The small organic robot can go .83 millimeters per second, which is the fastest speed ever reached in its field – but still not fast enough to chase you through a dystopian city just yet. It also operates without the need for batteries, putting it several steps above its predecessors. 

So far, the list of things that the organic robot can do includes collecting small objects or pushing through barriers made from other small objects using attachments inspired by LEGO toy robots. Both the robot’s one-legged and two-legged versions can also move through a maze.

But what is the point of all this, you ask? Why make an organic robot at all? According to Gazzola, this type of robot, while slower for now, actually has a big advantage over purely artificial robots. The living tissue that forms part of these biohybrid robots can sense things like heat, light, and chemicals, and can react accordingly without someone programming it to do so. 

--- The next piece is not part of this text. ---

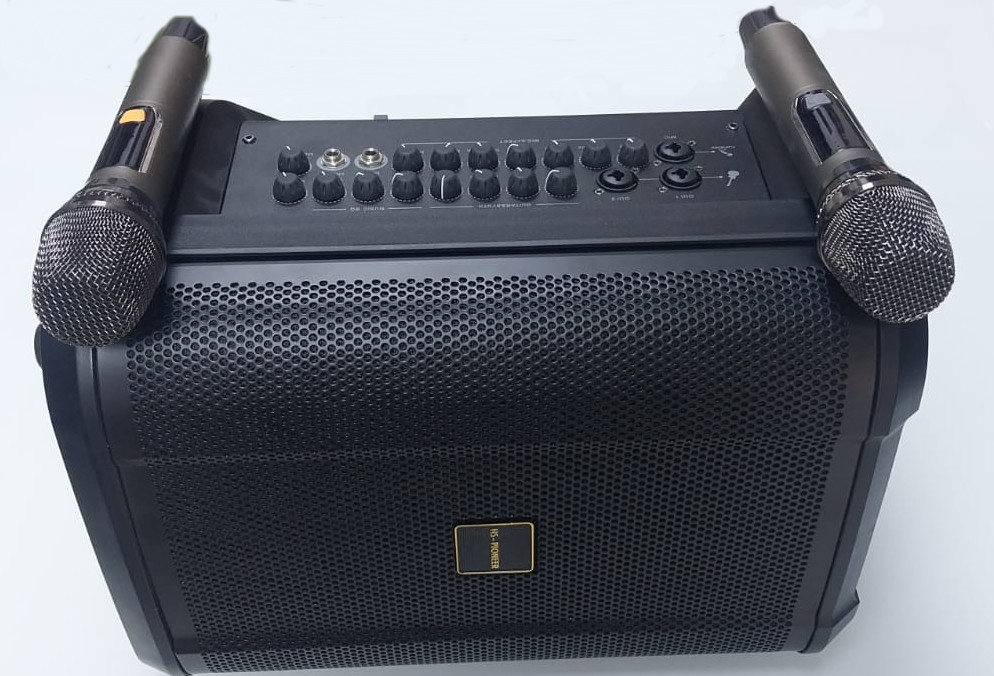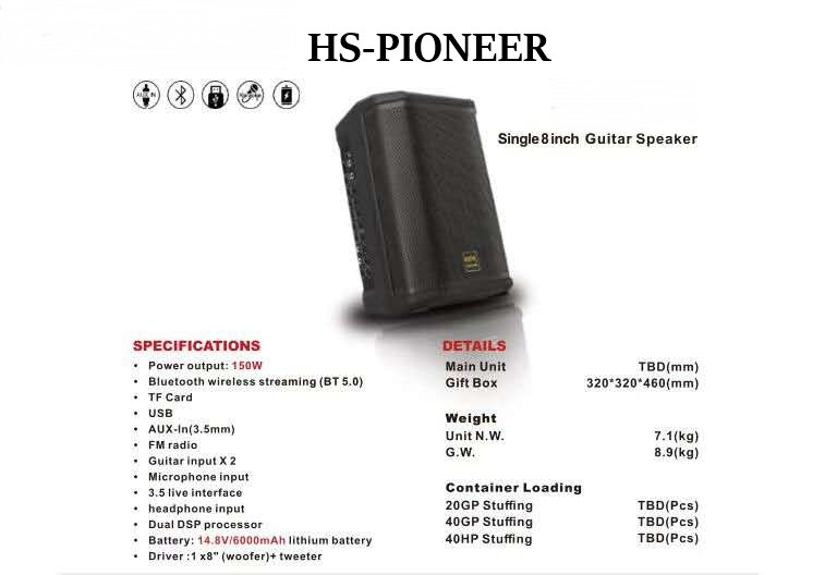 SPECIFICATIONS . Power output: 150W Bluetooth wireless streaming (BT 5.0) TF Card USB AUX-In(3.5mm) FM radio Guitar input X 2 Microphone input 3.5 live interface headphone input Dual DSP processor Battery: 14.8V/6000mAh lithium battery Driver: 1 x8" (woofer)+ tweeter

Some organic robots can take this a step further and heal themselves, or even reproduce, making it unsurprising that scientists are so drawn to this field of research despite seeing all the films and shows warning them of its fictional danger.

Now that this breakthrough has been made, Gazzola and his contemporaries can’t wait to take it even further. Some scientific groups will most likely focus on making biohybrid robots better, stronger, and faster, while others will focus on extending the range of the remote-control capabilities of the robot. 

Gazzola, though, is heading down an even more intriguing path. His goal is to grow neural cells and integrate them into the organic robots’ system, which will give the robots the capacity to “think” for themselves, in a way. They will be able to perform some light computations without outside help, as well as steer themselves without the need for remote control.